Go to the line with "3種類青磁に変更【茶器/茶道具 水屋道具】 水屋瓶(水屋甕/水屋壷/水屋壺)" in the material below and copy from there through the line with "Danh sách các", exactly. Pictures are not copied.

***

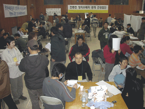 건약, 건치, 인의협, 청년한의사회, 보건의료노조 등으로 구성된 보건의료단체연합은 지난 3월 9일, 16일 두 차례에 걸쳐 한총련 ‘정치 수배자’ 공개 건강검진을 시행하였습니다.
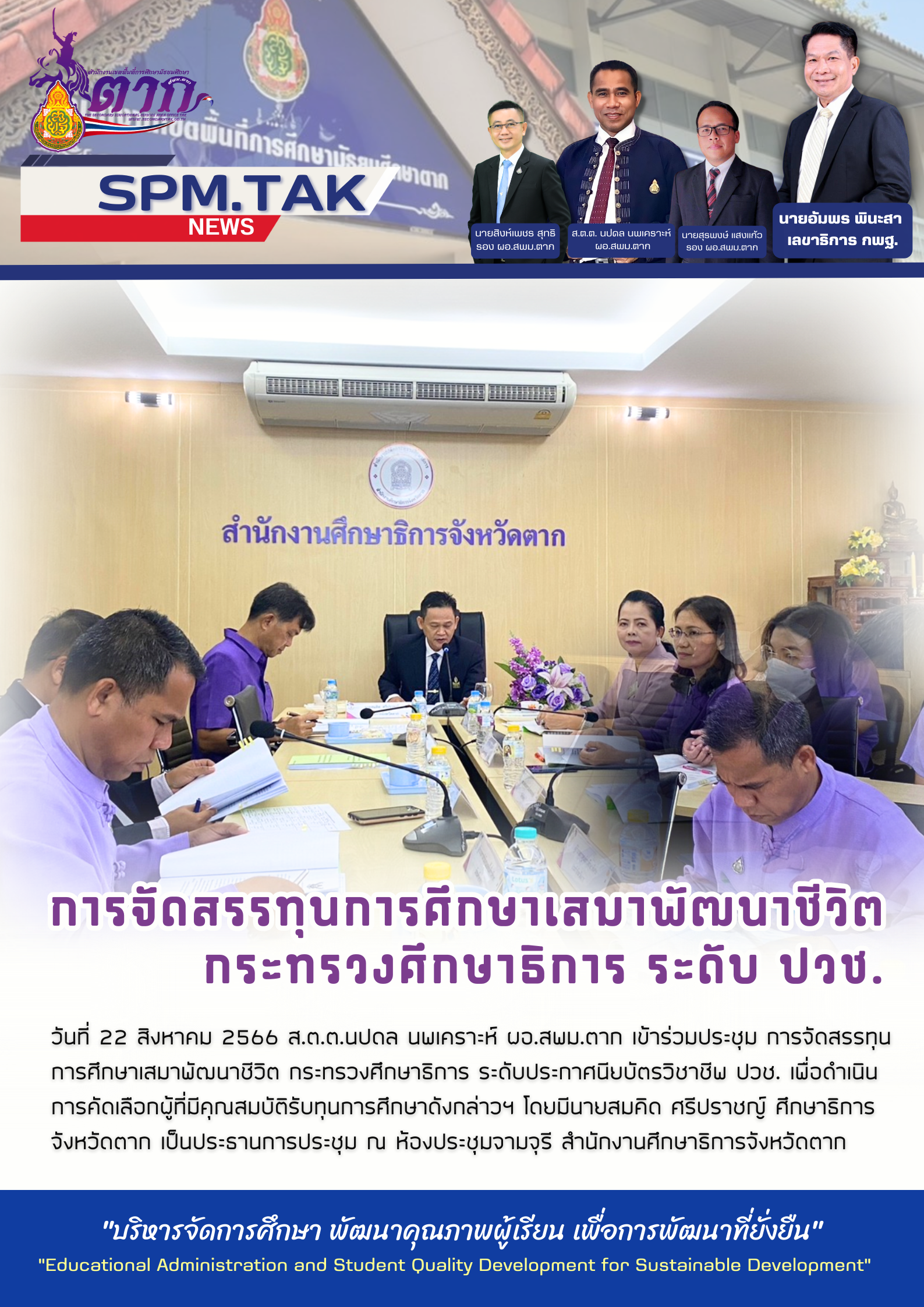 วันที่ 22 สิงหาคม 2566 ส.ต.ต.นปดล นพเคราะห์ ผอ.สพม.ตาก เข้าร่วมประชุม การจัดสรรทุนการศึกษาเสมาพัฒนาชีวิต กระทรวงศึกษาธิการ ระดับประกาศนียบัตรวิชาชีพ ปวช. เพื่อดำเนินการคัดเลือกผู้ที่มีคุณสมบัติรับทุนการศึกษาดังกล่าวฯ โดยมีนายสมคิด ศรีปราชญ์ ศึกษาธิการ จังหวัดตาก เป็นประธานการประชุม ณ ห้องประชุมจามจุรี สำนักงานศึกษาธิการจังหวัดตาก
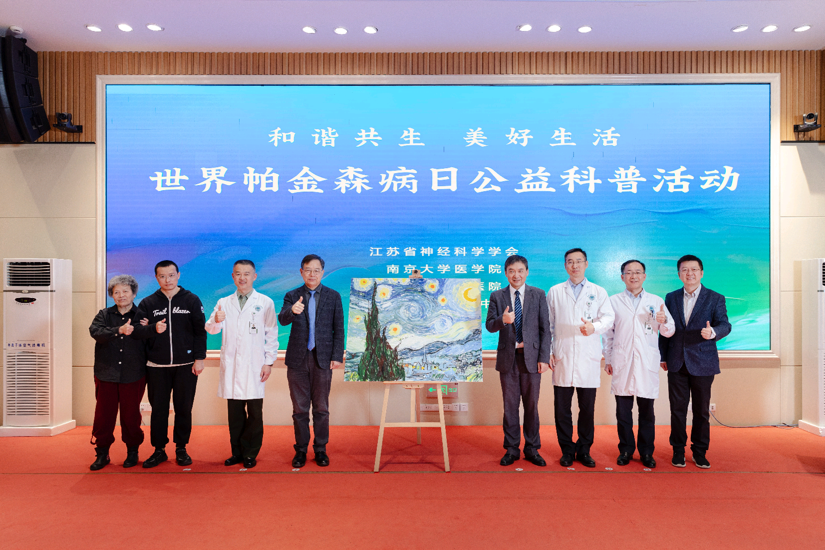 附属金陵医院副院长李鉴峰、神经内科主任朱武生、神经外科主任马驰原、江苏广电总台我苏国际传播中心副总监杨阳,以及帕金森病患者代表和家属共同完成了《星空》画作的最后部分,这一富有情感共鸣的创作瞬间成为活动高潮。这场别开生面的创作活动旨在积极呼吁全社会能够更加深入地理解帕金森病所带来的种种困扰和挑战,并倡导大家共同携手,给予帕金森病患者更多的关心和支持,让他们感受到来自社会的温暖与力量。
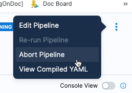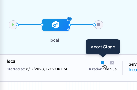 This topic explains how to stop an in-progress pipeline, stage, or step. Take care when using this option as it can have additional impacts.
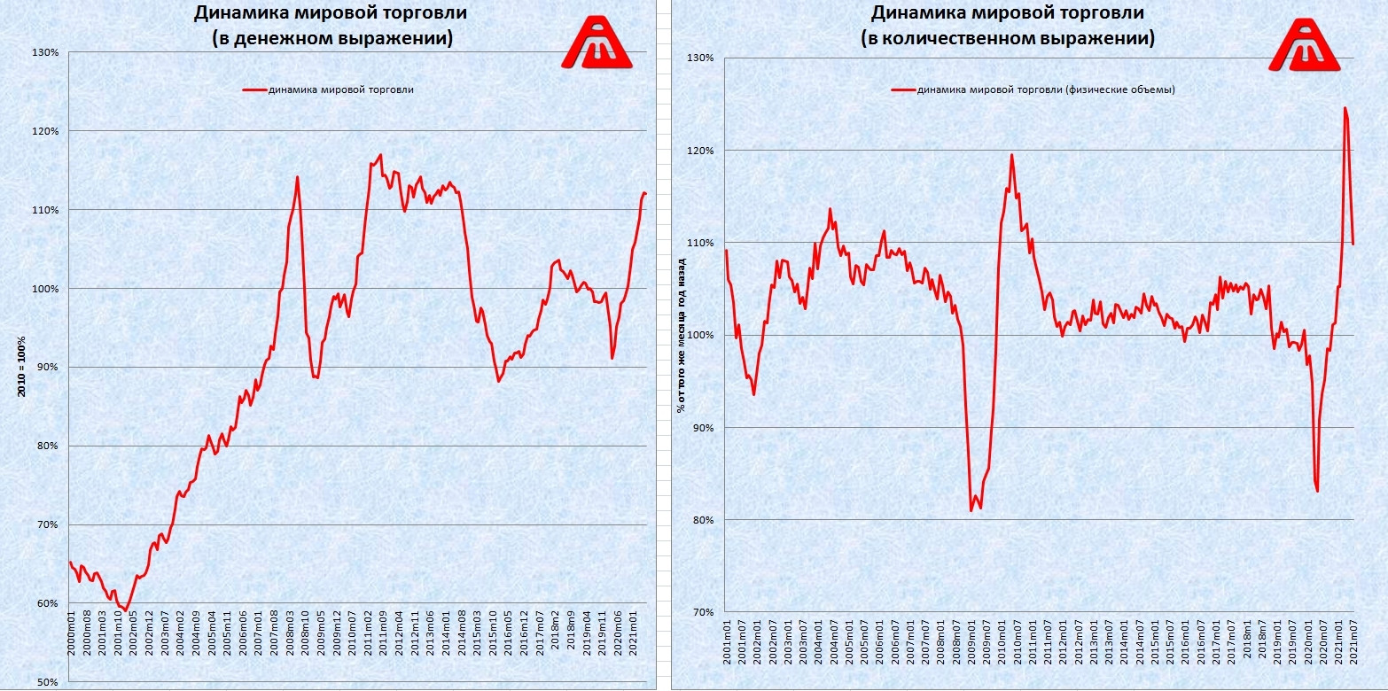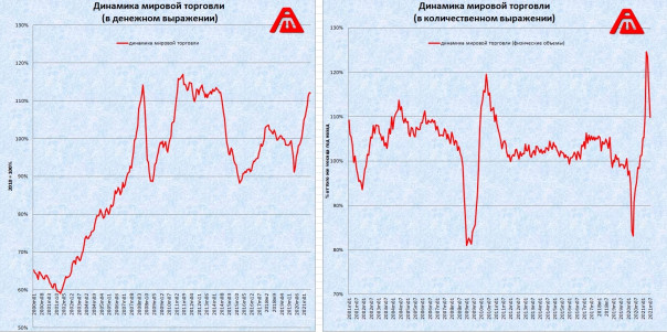 1. Мировая торговля в количественном измерении (физические объемы) в плюсе по сравнению с тем же месяцем год назад на 9.85% и на 2.84% выше 2019 года.
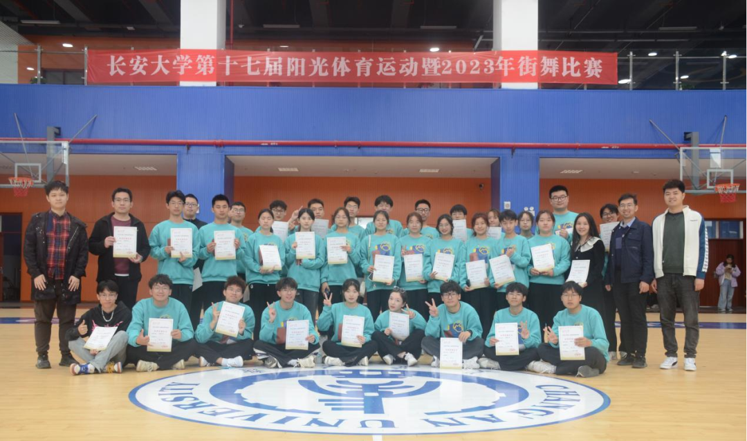 2023年4月2日,长安大学第十七届阳光体育运动暨2023年街舞比赛在渭水校区西区体育馆拉开帷幕,32名地测学子踊跃参加比赛,取得了团体第三名的优异成绩。比赛当天,学院团委书记苗行生、团委副书记余智勇、文体协会指导老师韩树鹏、辅导员陈子毅来到现场为运动员们加油鼓劲。
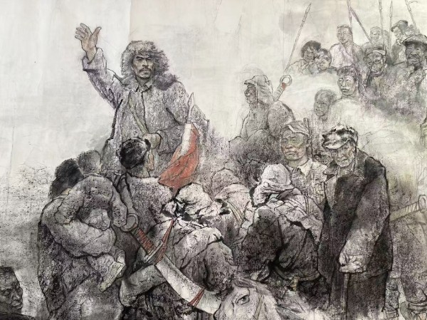 本次展出的《人民英雄杨靖宇》百米长卷,是各位主创艺术家历时数月、笔耕不辍的匠心之作。长卷以细腻的笔触、饱满的色彩,生动再现了杨靖宇将军从发动群众到壮烈殉国的英雄历程,每一笔线条都镌刻着英雄的峥嵘岁月,每一抹色彩都饱含着对先烈的深切缅怀,让英雄形象跃然纸上,让红色精神代代相传。
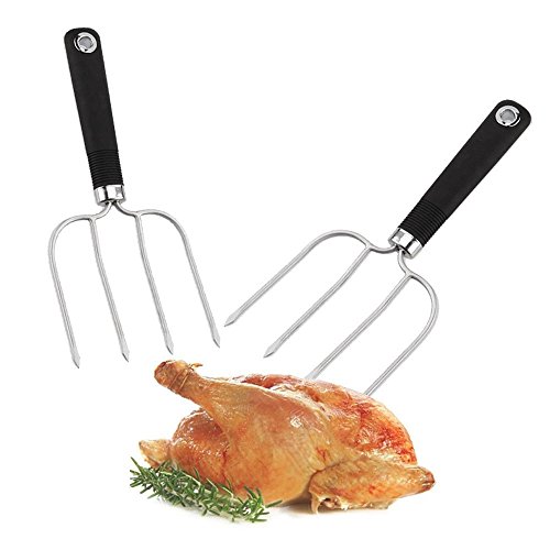 - Set of 2 Turkey fork made of Food Grade Stainless Steel and Black Slip Resistant Grip, 4 sharp prongs for easy to hold the meats and the wide spread prongs make the turkey stable
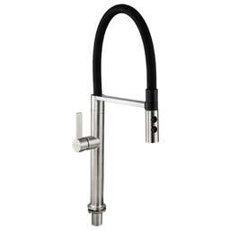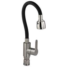 Смеситель для кухонной мойки с гибким чёрным рельефным изливом с магнитной фиксацией, двухрежимный аэратор, литой корпус цвета сатин, из нержавеющей стали марка SUS 304. Крепление резьба - гайка, картридж d = мм, ручка шток. Аэратор для экономии воды. Такая модель может использоваться на домашней кухне, на даче, в медицинских учреждениях и общественных местах. Габаритные размеры: высота 530 мм, длина 260 мм, диаметр посадочного седла 50 мм, длина резьбы 60 мм, длина подводки 500 мм. Вес - 2.28 кг, объём - 0.01092 м3. В комплекте паспорт, корпус с изливом, подводка 1/2, крепеж, набор прокладок.
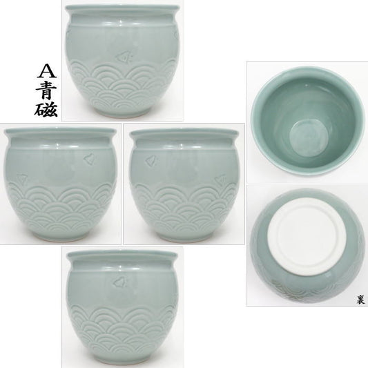 3種類青磁に変更【茶器/茶道具 水屋道具】 水屋瓶(水屋甕/水屋壷/水屋壺) 青磁(小)青海波千鳥又は(無し)雲鶴 大 木製割蓋付
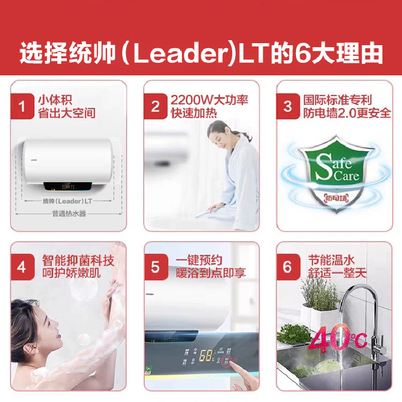 海尔出品统帅LT电热水器电家用卫生间小型洗澡50升租房60升
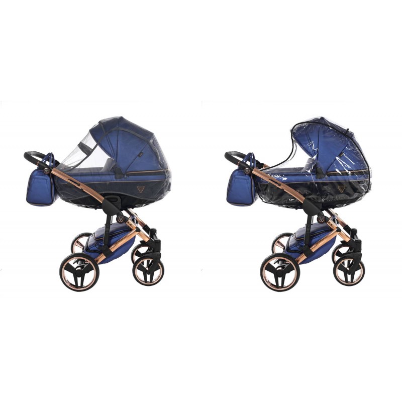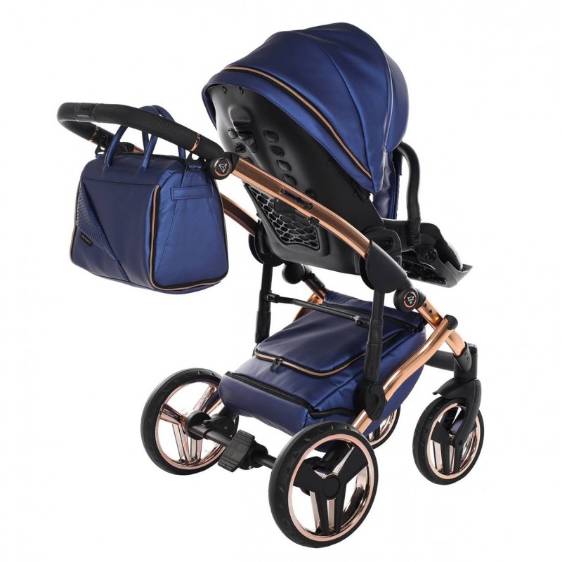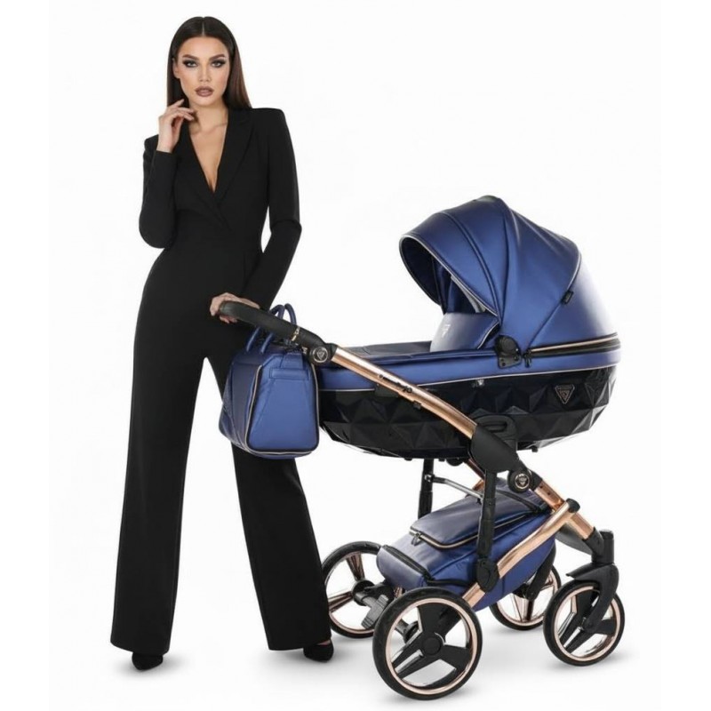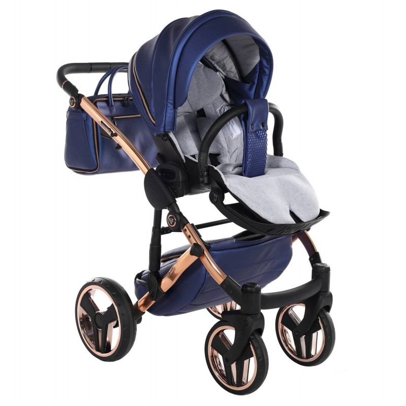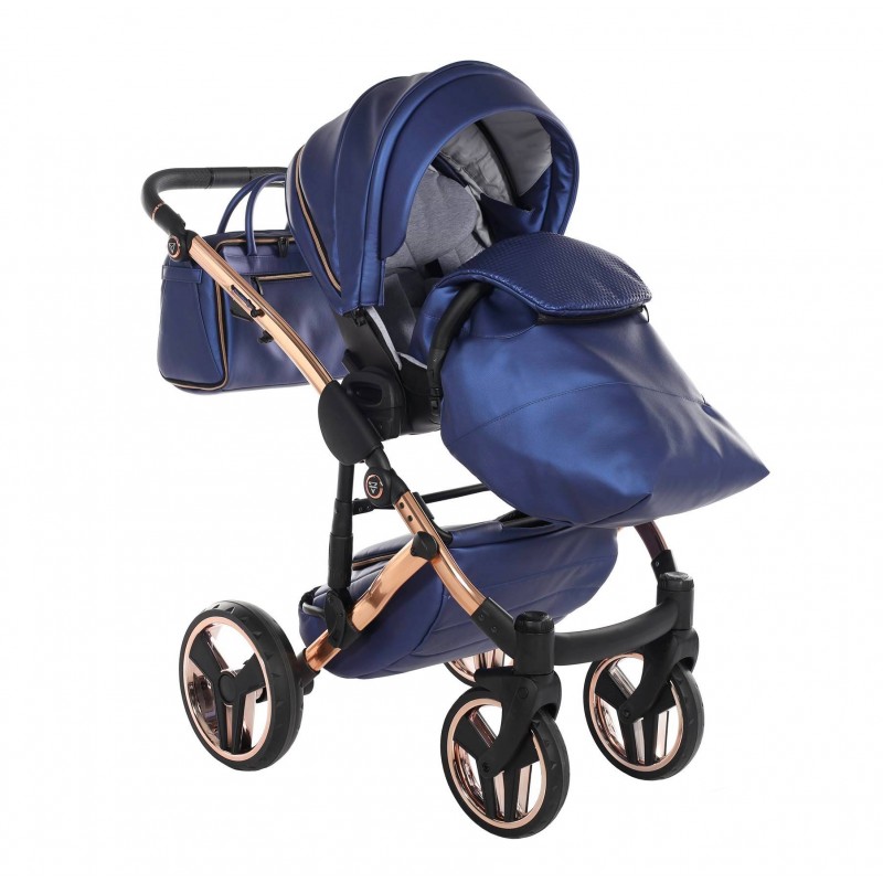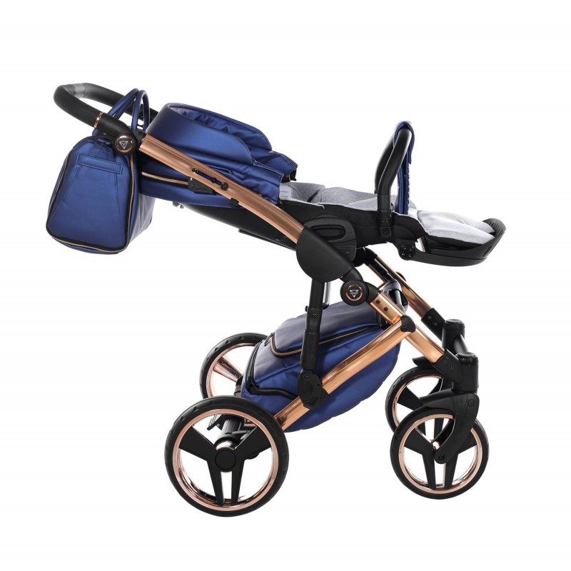 Nowoczesny wózek dziecięcy Junama Diamond Fluo 01 w odcieniu blue – styl i wygoda na złotym stelażu.
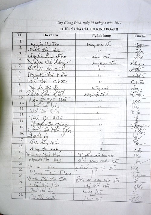 Danh sách các tiểu thương chưa đồng thuận với chủ trương xây chợ mới.
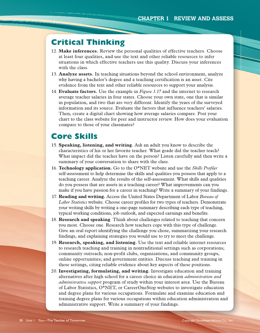 CHAPTER 1 REVIEW AND ASSESS 30 Unit 1 You—The Teacher of Tomorrow Copyright Goodheart-Willcox Co., Inc. Critical Thinking 12. Make inferences. Review the personal qualities of effective teachers. Choose at least four qualities, and use the text and other reliable resources to infer situations in which effective teachers use this quality. Discuss your inferences with the class. 13. Analyze assets. In teaching situations beyond the school environment, analyze why having a bachelor’s degree and a teaching certification is an asset. Cite evidence from the text and other reliable resources to support your analysis. 14. Evaluate factors. Use the example in Figure 1.17 and the internet to research average teacher salaries in four states. Choose your own state, one that is similar in population, and two that are very different. Identify the years of the surveyed information and its source. Evaluate the factors that influence teachers’ salaries. Then, create a digital chart showing how average salaries compare. Post your chart to the class website for peer and instructor review. How does your evaluation compare to those of your classmates? Core Skills 15. Speaking, listening, and writing. Ask an adult you know to describe the characteristics of his or her favorite teacher. What grade did the teacher teach? What impact did the teacher have on the person? Listen carefully and then write a summary of your conversation to share with the class. 16. Technology application. Go to the O*NET website and use the Skills Profiler self-assessment to help determine the skills and qualities you possess that apply to a teaching career. Analyze the results of the self-assessment. What skills and qualities do you possess that are assets in a teaching career? What improvements can you make if you have passion for a career in teaching? Write a summary of your findings. 17. Reading and writing. Access the United States Department of Labor Bureau of Labor Statistics website. Choose career profiles for two types of teachers. Demonstrate your writing skills by writing a one-page summary describing each type of teaching, typical working conditions, job outlook, and expected earnings and benefits. 18. Research and speaking. Think about challenges related to teaching that concern you most. Choose one. Research how teachers cope with this type of challenge. Give an oral report identifying the challenge you chose, summarizing your research findings, and explaining strategies you would use to try to meet the challenge. 19. Research, speaking, and listening. Use the text and reliable internet resources to research teaching and training in nontraditional settings such as corporations community outreach non-profit clubs, organizations, and community groups online opportunities and government entities. Discuss teaching and training in these settings, citing reliable evidence about key aspects of these positions. 20. Investigating, formulating, and writing. Investigate education and training alternatives after high school for a career choice in education administration and administrative support program of study within your interest area. Use the Bureau of Labor Statistics, O*NET, or CareerOneStop websites to investigate education and degree plans for various occupations. Formulate and examine education and training degree plans for various occupations within education administration and administrative support. Write a summary of your findings.

***

ANSWER TO THIS TASK>
 3種類青磁に変更【茶器/茶道具 水屋道具】 水屋瓶(水屋甕/水屋壷/水屋壺) 青磁(小)青海波千鳥又は(無し)雲鶴 大 木製割蓋付
 海尔出品统帅LT电热水器电家用卫生间小型洗澡50升租房60升
 Nowoczesny wózek dziecięcy Junama Diamond Fluo 01 w odcieniu blue – styl i wygoda na złotym stelażu.
 Danh sách các tiểu thương chưa đồng thuận với chủ trương xây chợ mới.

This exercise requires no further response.